→ Data excerpts:
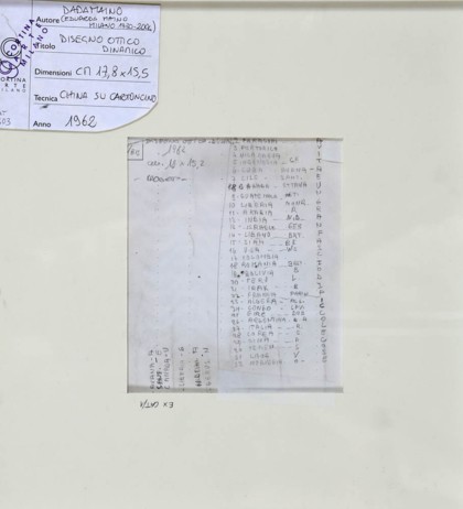 China su cartoncino, cm. 17,8 x 15,5 Firmato e datato sul retro Autentica Flaminio Gualdoni su fotografia con archivio 47/08 PUBBLICAZIONI: " Dadamaino, L'assoluta leggerezza dell'essere ", Cortina Arte Edizioni, p. 33, 2008 Prov. Collezione Privata
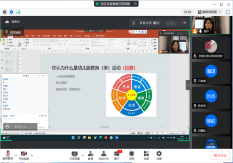 教育学部谢莎老师在《幼儿园优秀教学活动赏析》课堂中,采用“腾讯会议深大教育版+学习通”相结合的线上教学模式,组织随堂小测验(学习通)及投票(腾讯会议),并用“腾讯会议深大教育版”分组讨论方式增加互动。
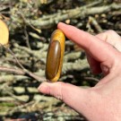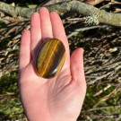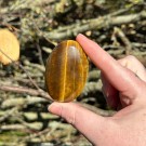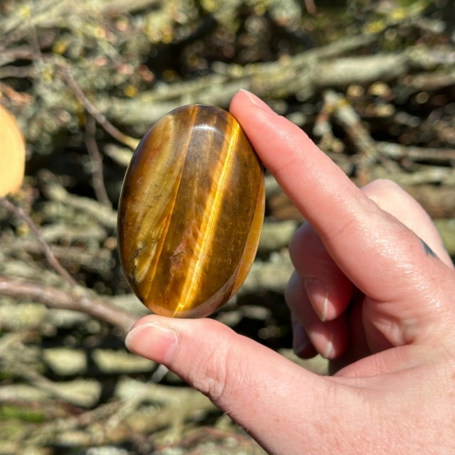 Nydelig gullskinnende Tigerøye. Denne håndsteinen er 6x4x1,8cm og veier ca 74g. Det er den på bildene du får hvis du bestiller denne. Bildene er tatt ute i sollys.
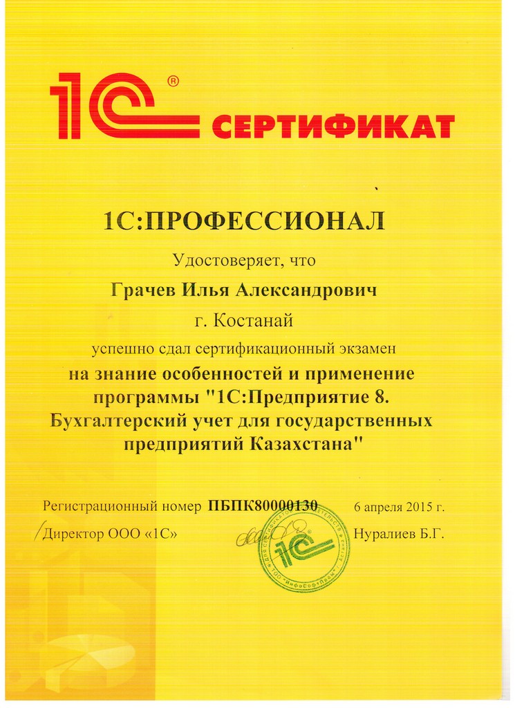 1С:Предприятие 8. Бухгалтерский учёт для государственных предприятий Казахстана, Грачёв Илья
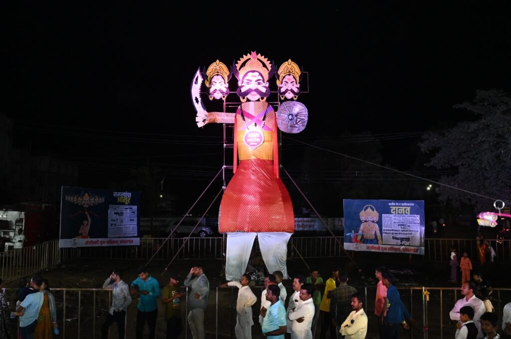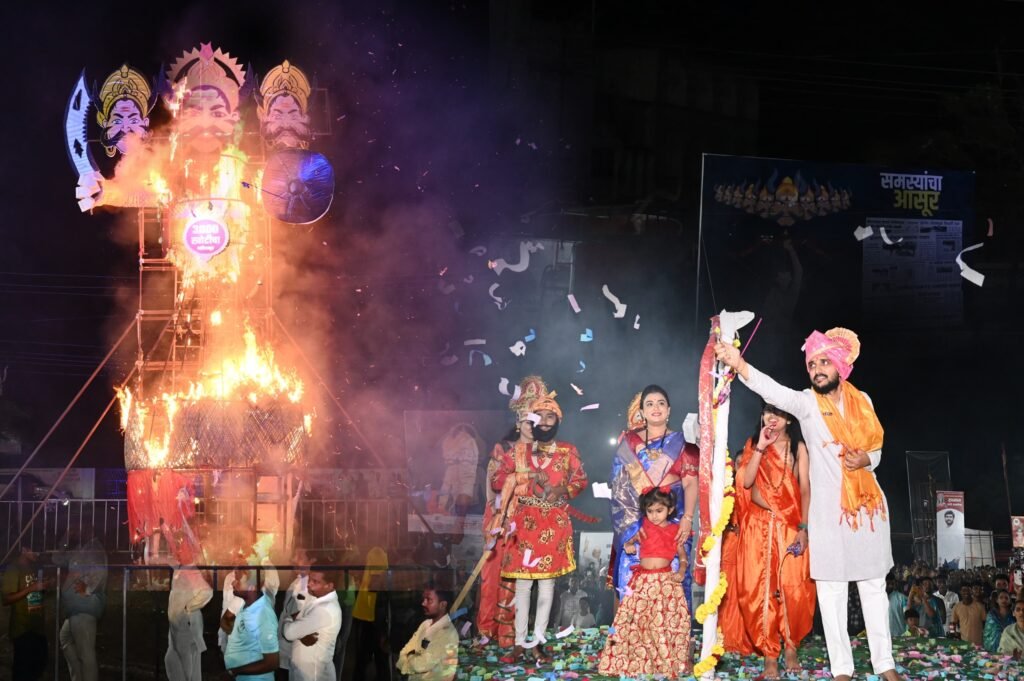 कोपरगाव : – संजीवनी युवा प्रतिष्ठान आयोजित महिषासुर दहन उपक्रमात नागरीकांना भेडसावणाऱ्या समस्यांना वाचा फोडण्यात आली.तीन हजार खोटी असे नाव देण्यात आले होते. नागरिकांनी जल्लोष करत युवानेते विवेकभैय्या कोल्हे व दैवतांची व महापुरुषांची वेशभूषा केलेल्या बाल कलाकारांच्या हस्ते सौ.रेणुकाताई कोल्हे यांच्यासह हजारो कोपरगावकरांच्या उपस्थितीत महिषासुर दहन पार पडले.
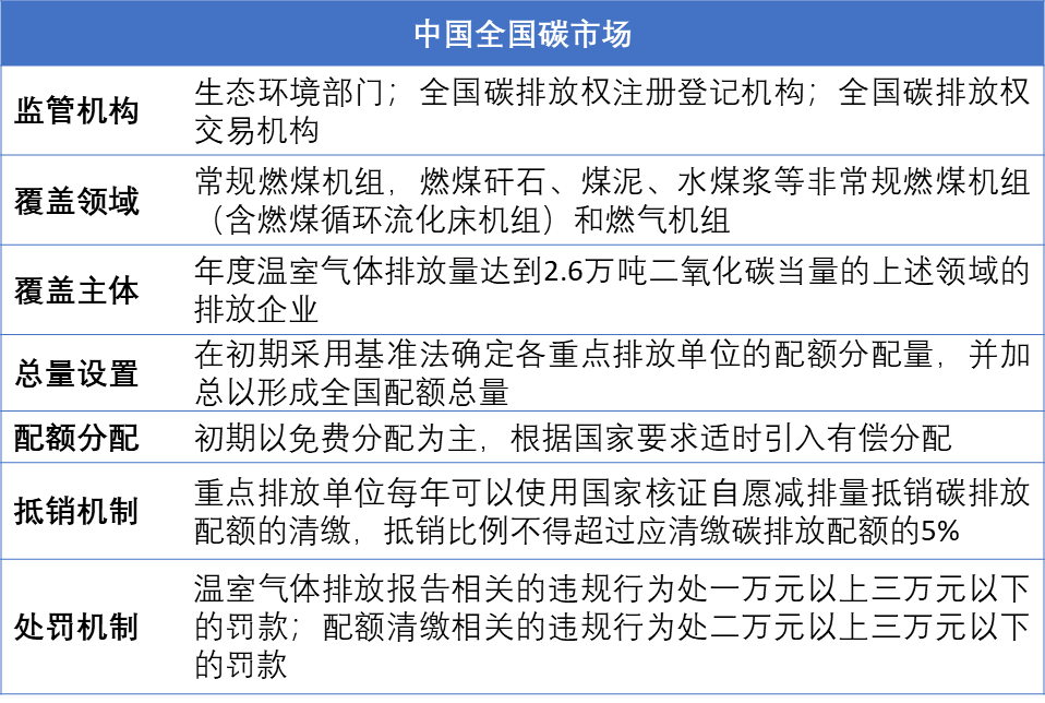 目前,中國(guó)的全國(guó)碳市場(chǎng)已經(jīng)進(jìn)入交易前的最后準(zhǔn)備階段。參考生態(tài)環(huán)境部發(fā)布的《2019-2020年全國(guó)碳排放權(quán)交易配額總量設(shè)定與分配實(shí)施方案(發(fā)電行業(yè))》、《碳排放權(quán)交易管理辦法(試行)》以及《碳排放權(quán)交易管理暫行條例(草案修改稿)》等文件,即將啟動(dòng)的全國(guó)碳市場(chǎng)將以生態(tài)環(huán)境部門(mén)為主要監(jiān)管機(jī)構(gòu)、覆蓋范圍為化石能源發(fā)電及發(fā)熱行業(yè)的二氧化碳排放,在初期通過(guò)基準(zhǔn)法確定各重點(diǎn)排放單位的配額分配量,并加總以形成全國(guó)配額總量。此外,初期的配額分配將以免費(fèi)分配為主,同時(shí)允許以國(guó)家核證自愿減排量抵銷(xiāo)碳排放配額,抵消比例不得超過(guò)應(yīng)清繳碳排放配額的5%。相關(guān)的機(jī)制設(shè)計(jì)見(jiàn)下表:
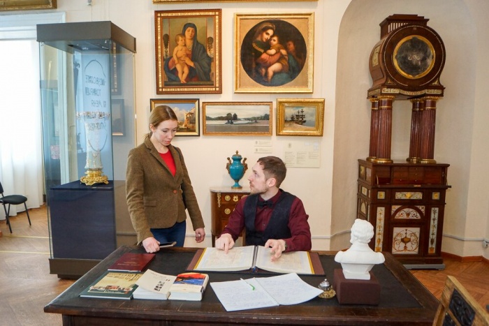 В соседнем зале у гостей музея есть возможность присесть за исторический стол. Здесь лежат книги и альбомы по истории музея, которые можно полистать, тут же находится книга отзывов и предложений.
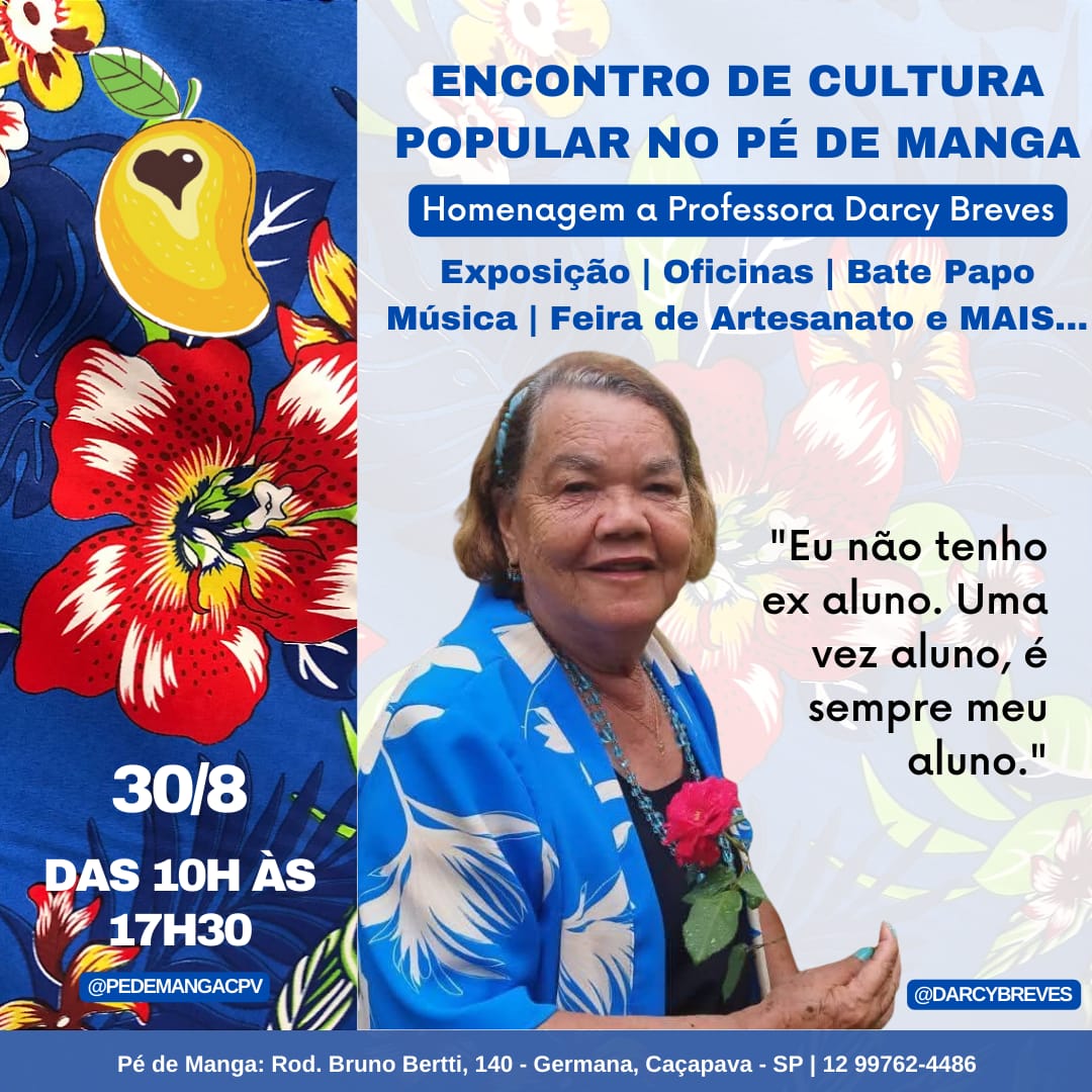 O Pé de Manga – Cultura e Afeto realiza no dia 30 de agosto, das 10h às 17h30, seu primeiro Encontro de Cultura Popular, com uma programação inédita que reúne bate-papo com música, exposição, oficinas, feira de artesanato e uma homenagem especial à professora, escritora e folclorista Darcy Breves.
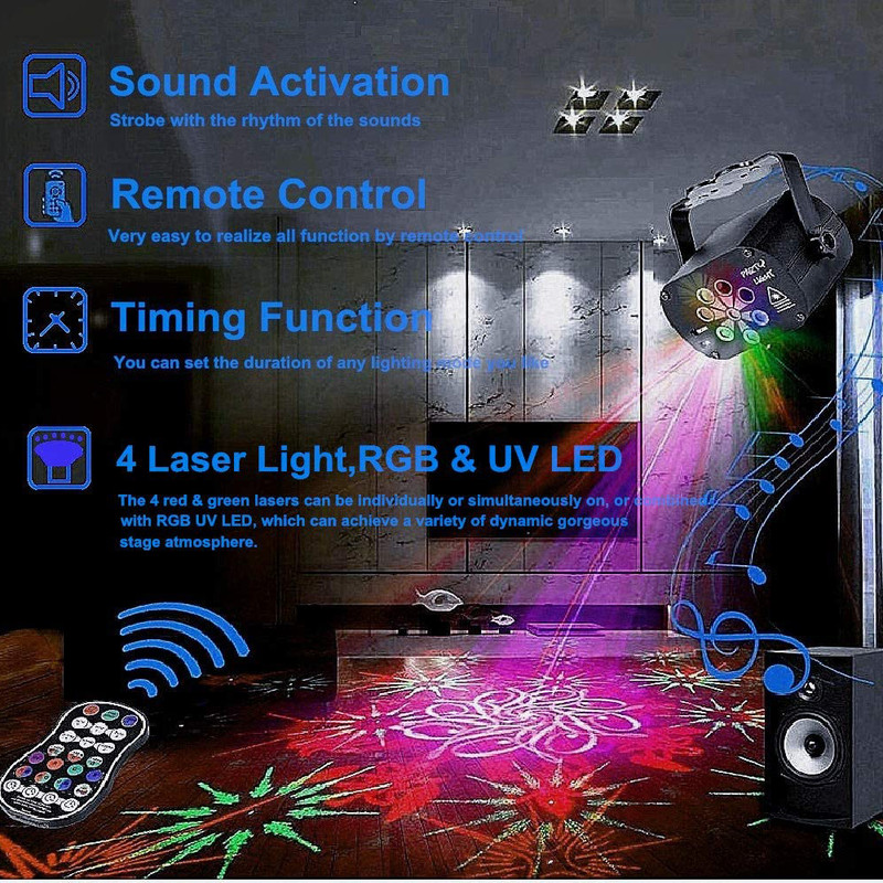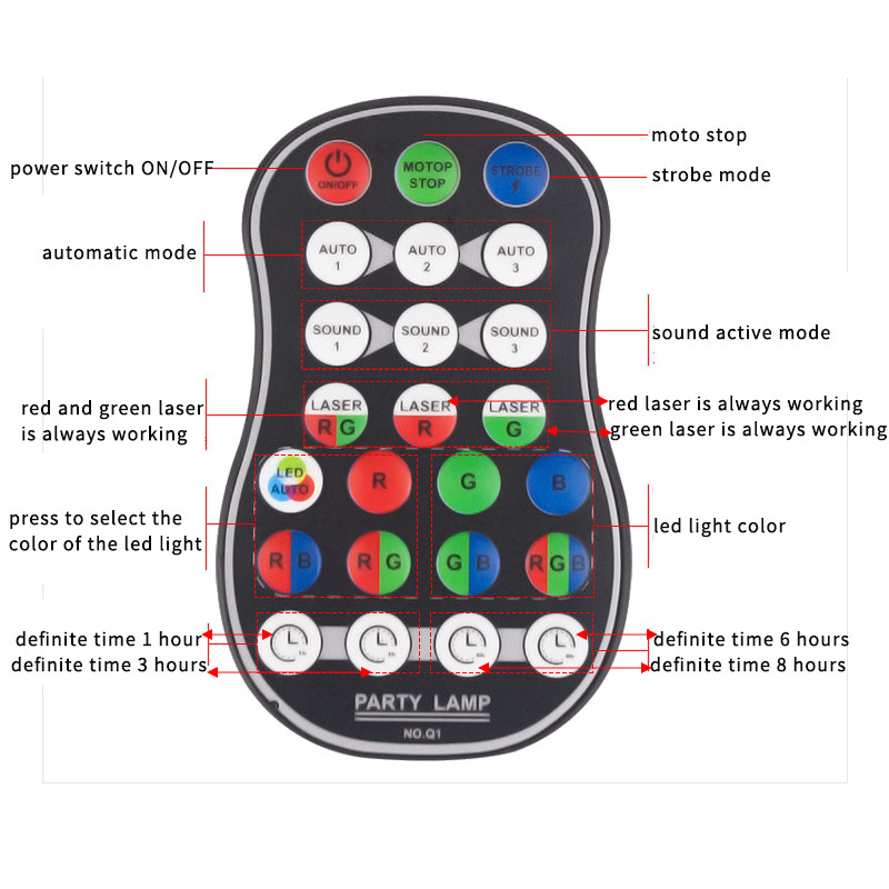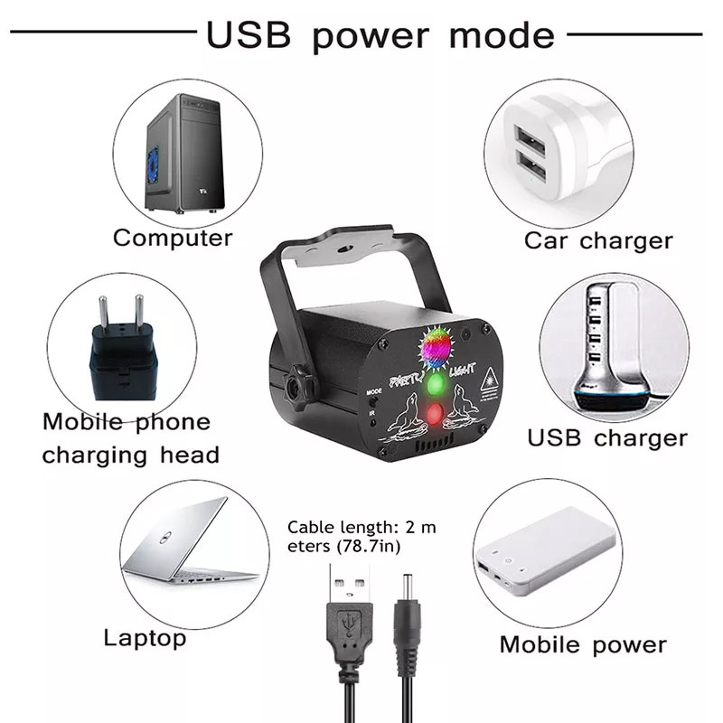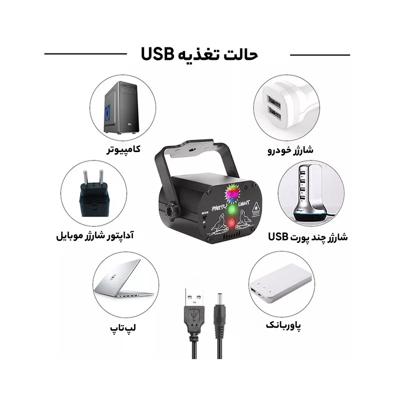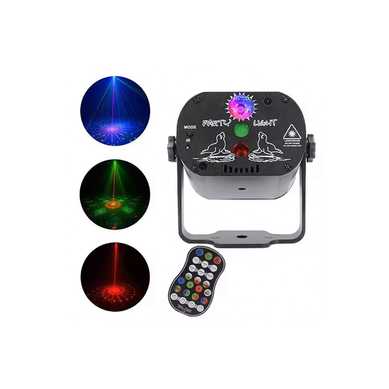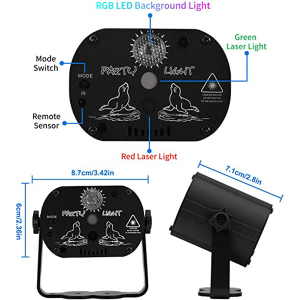رقص نور پارتی لایت مدل استیج یک رقص نور لیزری فوق العاده با کیفیت میباشد این رقص نور دارای سنسور صدای قوی و با دقت میباشد که میتواند تم های رقص نور را با موزیک هماهنگ کند این رقص دارای عمر متوسط 36000 ساعت میباشد و دارای یک ریموت 24 کلید که با استفاده از آن میتوانید این رقص نور را کامل تنظیم کرده و حتی تایم ها را نیز با آن تنظیم کنید و دارای کلید روشن و خاموش در ریموت بوده که هیچ نیازی به دست زدن به رقص نور پس از نصب نمیباشد در در قسمت جلوی رقص نور یک کلید تنظیم MODE و یک سنسور IR وجود داشته که میتوانید هم به صورت دستی و هم با ریموت تمامی مدها را تنظیم کنید قسمت پشت رقص نور یک کلید روشن و خاموش و میکروفون جهت دریافت صدای موزیک و یک فن خنک کننده قوی و پورت شارژر وجود دارد این رقص نور دارای کابل 2 متری جهت اتصال به انواع شارژر موبایل و تبلت بوده و در جعبه دستگاه یک پایه نگهدارنده جهت اتصال به سقف استیج و دوعدد پیچ دست پیچ و یک ریموت 24 کلید و یک دفترچه راهنمای لاتین وجود دارد رقص نور پارتی لایت میتوانید 120 تم لیزری هم به صورت تکی و هم به صورت ترکیبی ایجاد کند وبا این ابعاد مناسب استیج های بزرگ و سالن های بزرگ نیز میباشد جنس بدنه این رقص نور از نوع الومینیوم با رنگ مشکی میباشد

→ Your instructions: Nothing but the lines from the start of the records through the line holding "Nydelig gullskinnende Tigerøye." should be printed, exactly as written and with the pictures left out.

→ Answer to the exercise:
 China su cartoncino, cm. 17,8 x 15,5 Firmato e datato sul retro Autentica Flaminio Gualdoni su fotografia con archivio 47/08 PUBBLICAZIONI: " Dadamaino, L'assoluta leggerezza dell'essere ", Cortina Arte Edizioni, p. 33, 2008 Prov. Collezione Privata
 教育学部谢莎老师在《幼儿园优秀教学活动赏析》课堂中,采用“腾讯会议深大教育版+学习通”相结合的线上教学模式,组织随堂小测验(学习通)及投票(腾讯会议),并用“腾讯会议深大教育版”分组讨论方式增加互动。
 Nydelig gullskinnende Tigerøye. Denne håndsteinen er 6x4x1,8cm og veier ca 74g. Det er den på bildene du får hvis du bestiller denne. Bildene er tatt ute i sollys.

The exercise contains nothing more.